Holy SH*T, Larry! For a "first timer", you don't mess around! Fabulous results ... NASA control system, and all!!!

I can just picture it: "Who needs a refill on their glass of champagne" Then, from out of the tunnel ... a flatcar pulls a load of Cristal ...

When do we come for the dedication party?!?!?



TJ


----------



## Larry Sr. (Sep 7, 2015)

NASA control system, lol good one there TJ

Continuing on with more info for any of those with a interest in G. 
Here is some of the buildings I have managed to build this winter so far. Still have to name all the buildings.

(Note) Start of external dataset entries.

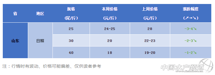 山東日照:25條24-25元/斤,30條20元/斤,40條18元/斤。本周山東地區蝦價再度下滑,跌幅達到4元/斤,目前主要以外塘蝦為主,大蝦較少。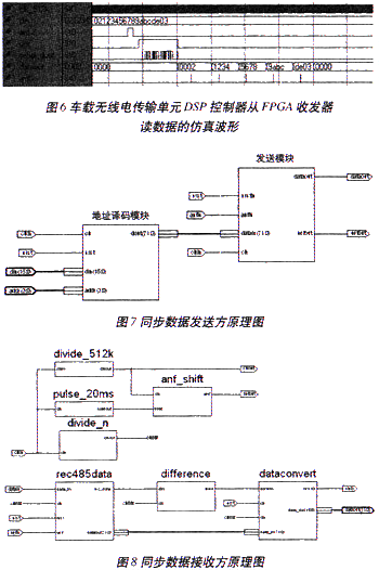 根据以上对同步485实现方法的描述,在ISE中利用ECS工具所描绘的顶层原理图如图7和图8所示。包括测速定位单元同步数据发送和车载无线电控制单元同步数据接收两部分。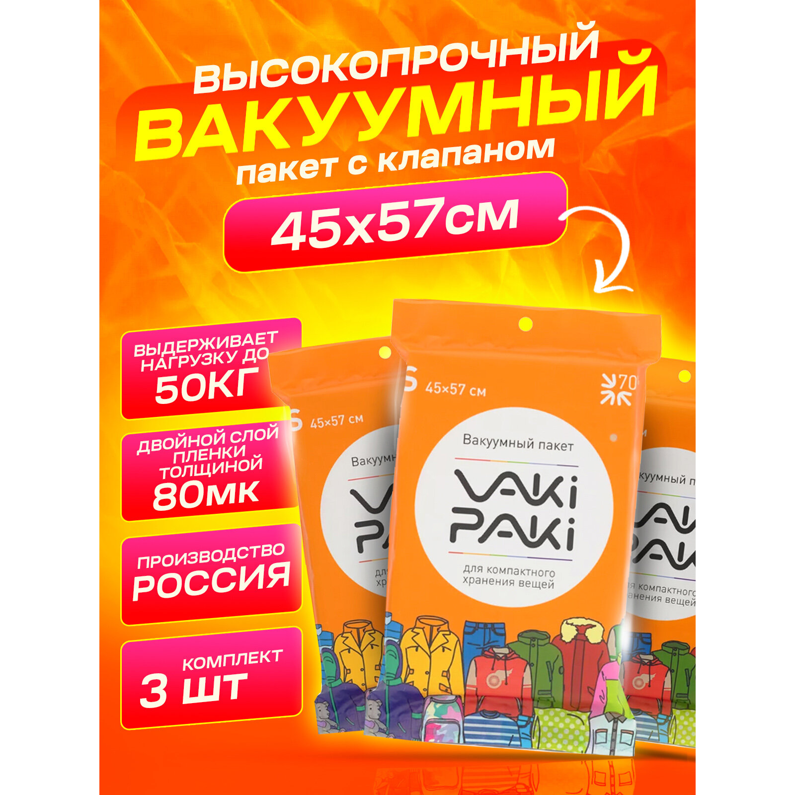 Купить Набор вакуумных пакетов для вещей VakiPaki S 45x57, 3 шт.
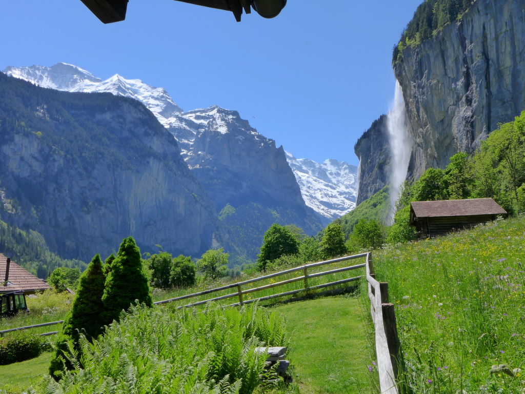 Lauterbrunnen 10 km von Interlaken: Grosses, komfortables Chalet "am Schärm", auf 3 Stockwerken, umgeben von Bäumen und Wiesen. Im Ortszentrum von Lauterbrunnen, zentrale, ruhige, sonnige Lage am Hang. Zur Alleinbenutzung: grosser Garten Rasen und Pflanzen. Gartenmöbel, Grill. Im Hause: Skiraum, Zentralheizung, Waschmaschine, Wäschetrockner, Skischuhtrockner. Wäschewechsel (zusätzlich extra). Wohnungsreinigung möglich (extra). Schmale Zufahrt bis zum Haus. Im Winter 4x4 empfohlen. Breite der Zufahrtsstrasse: 320 cm. Parkplatz (für 4 Autos) beim Haus. Einkaufsgeschäft 300 m, Supermarkt 500 m, Restaurant 300 m, Bäckerei 400 m, Bushaltestelle 300 m, Bahnstation "Lauterbrunnen", Freibad 500 m. Golfplatz (18 Loch) 11 km, Tennis, Minigolf 600 m, Luftseilbahn 500 m, Skiverleih 250 m, Skibushaltestelle 200 m. Nahe gelegene Sehenswürdigkeiten: Jungfraujoch, Schilthorn, Interlaken 12 km. Bekannte Skigebiete sind gut erreichbar: Wengen - Kleine Scheidegg, Mürren Schilthorn. Bekannte Seen in der Umgebung sind gut erreichbar: Thunersee, Brienzersee. Wandergebiete: Jungfrau Region, Hinteres Lauterbrunnental. Bitte beachten: geeignet für Familien, Babyausstattung (extra). Jugendgruppen nur auf Anfrage. Bei guter Schneelage Zufahrt mit den Skiern bis zum Haus.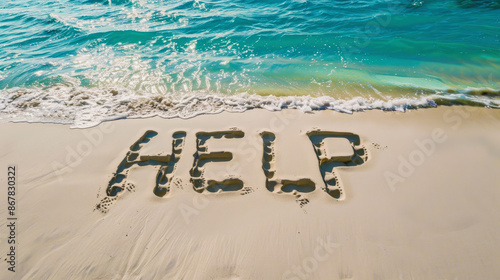 © scaliger, Fototapeta premium Deserted beach of uninhabited tropical island, sand with inscription HELP from lost in sea. Aerial view of empty ocean shore. Concept of shipwreck, sos, castaway, message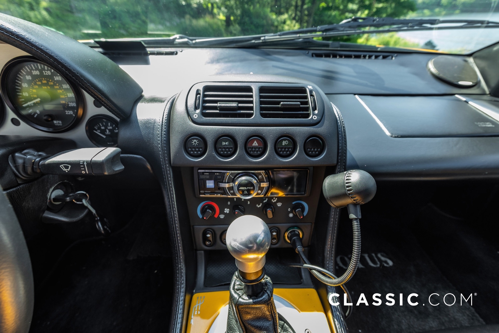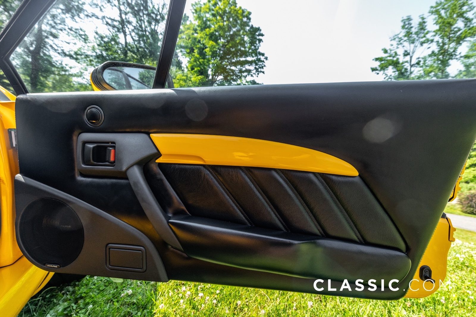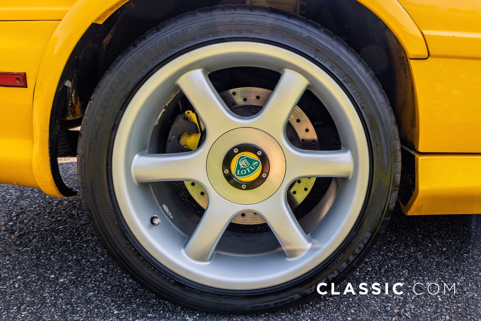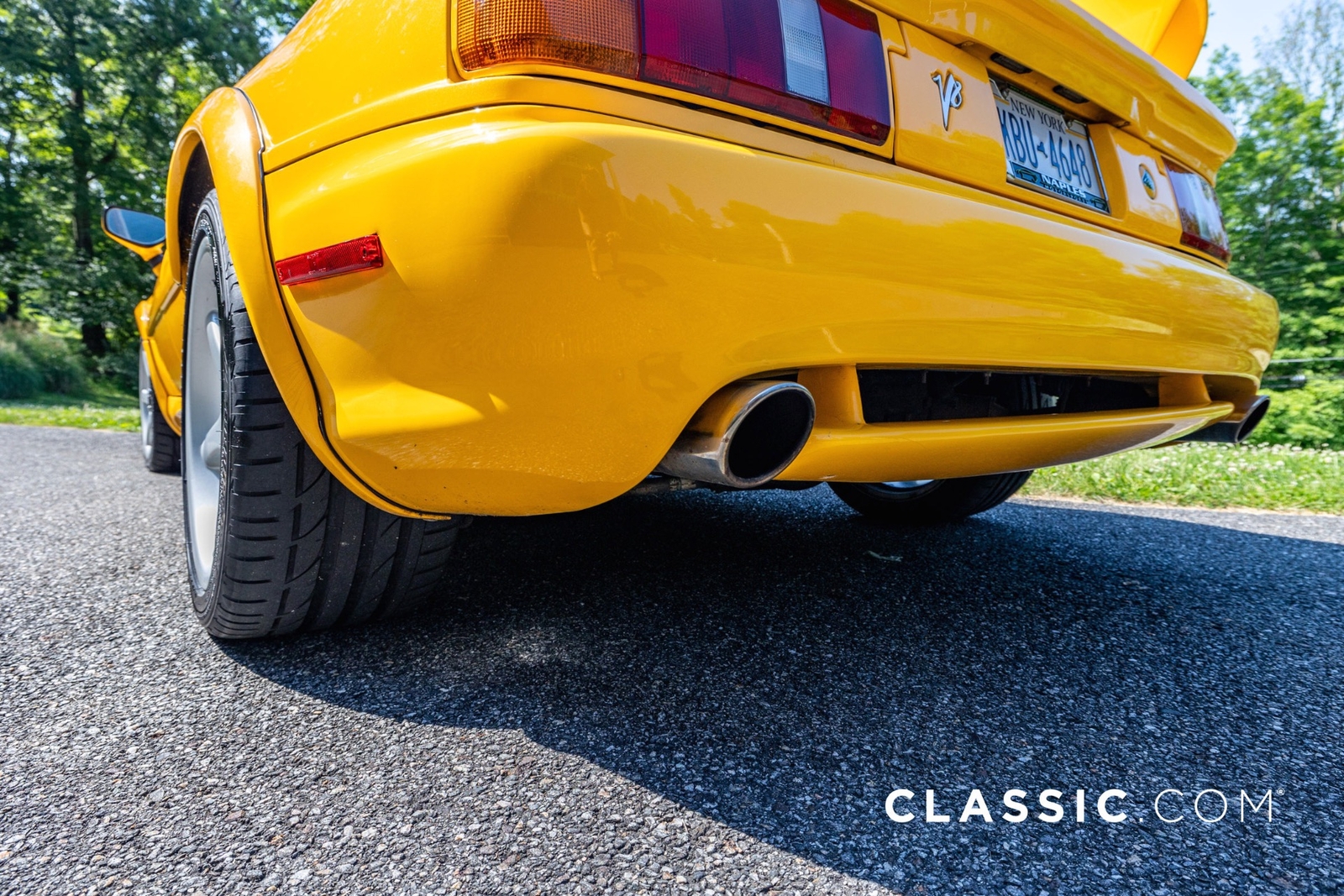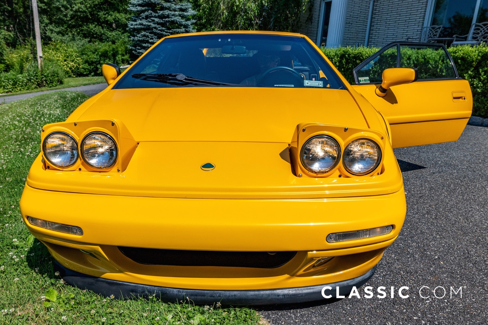 This 2000 Lotus Esprit V8 is a highly original example of one of the most coveted versions of the Esprit, and is presented in especially good condition based on its age. The Lotus yellow paint over black leather upholstery is an eye-catching combination. The OZ wheels give the car a modern look and feel, along with the rear spoiler.

Getting anxious to start placing them in the layout. Even my wife is looking forward to helping with the buildings, people and lots of other props we have been accumulating for the past 2 to 3 years. 



Still having fun.
Larry
Don't know why a few pictures are sideways


----------



## Magic (Jan 28, 2014)

Some very nice buildings there, I can see why you're excited 
about getting them on that very nice Railroad.

Magic


----------



## Spence (Oct 15, 2015)

Fantastic looking layout. It looks like it was done professionally. :appl::appl:


----------



## Larry Sr. (Sep 7, 2015)

Thanks Spence

But, I made many mistakes with some very dumb . But all in all it just made the challenge more fun to overcome.

I'm a TMCC/Legacy guy and DCS with WiFi is gonna be some kinda learning curve when I get this thing up and start putting some of my big steam on it. All I have done is test in conventional.

I'm sure more goofs are in my future.hwell:
Larry
Still having fun.


----------



## Nikola (Jun 11, 2012)

I love the wiring and especially the old-school volt and ampmeters. Well done!!!


----------



## Gramps (Feb 28, 2016)

Looks great. One of the problems being outdoors is keeping the rails clean. I used a Scotchbrite pad on the end of a Swiffer. Some guys built an insulated train shed to store the trains outdoors and not have to bring them inside. Others found a way to run a line into their basement.


----------



## Larry Sr. (Sep 7, 2015)

Hi All
Thanks for the feedback.

Gramps
I did manage to talk my wife out of one of here scrub mops and make a decent brush for the Scotchbrite pads . And you are correct it's perfect for cleaning the Brass with out causing back problems.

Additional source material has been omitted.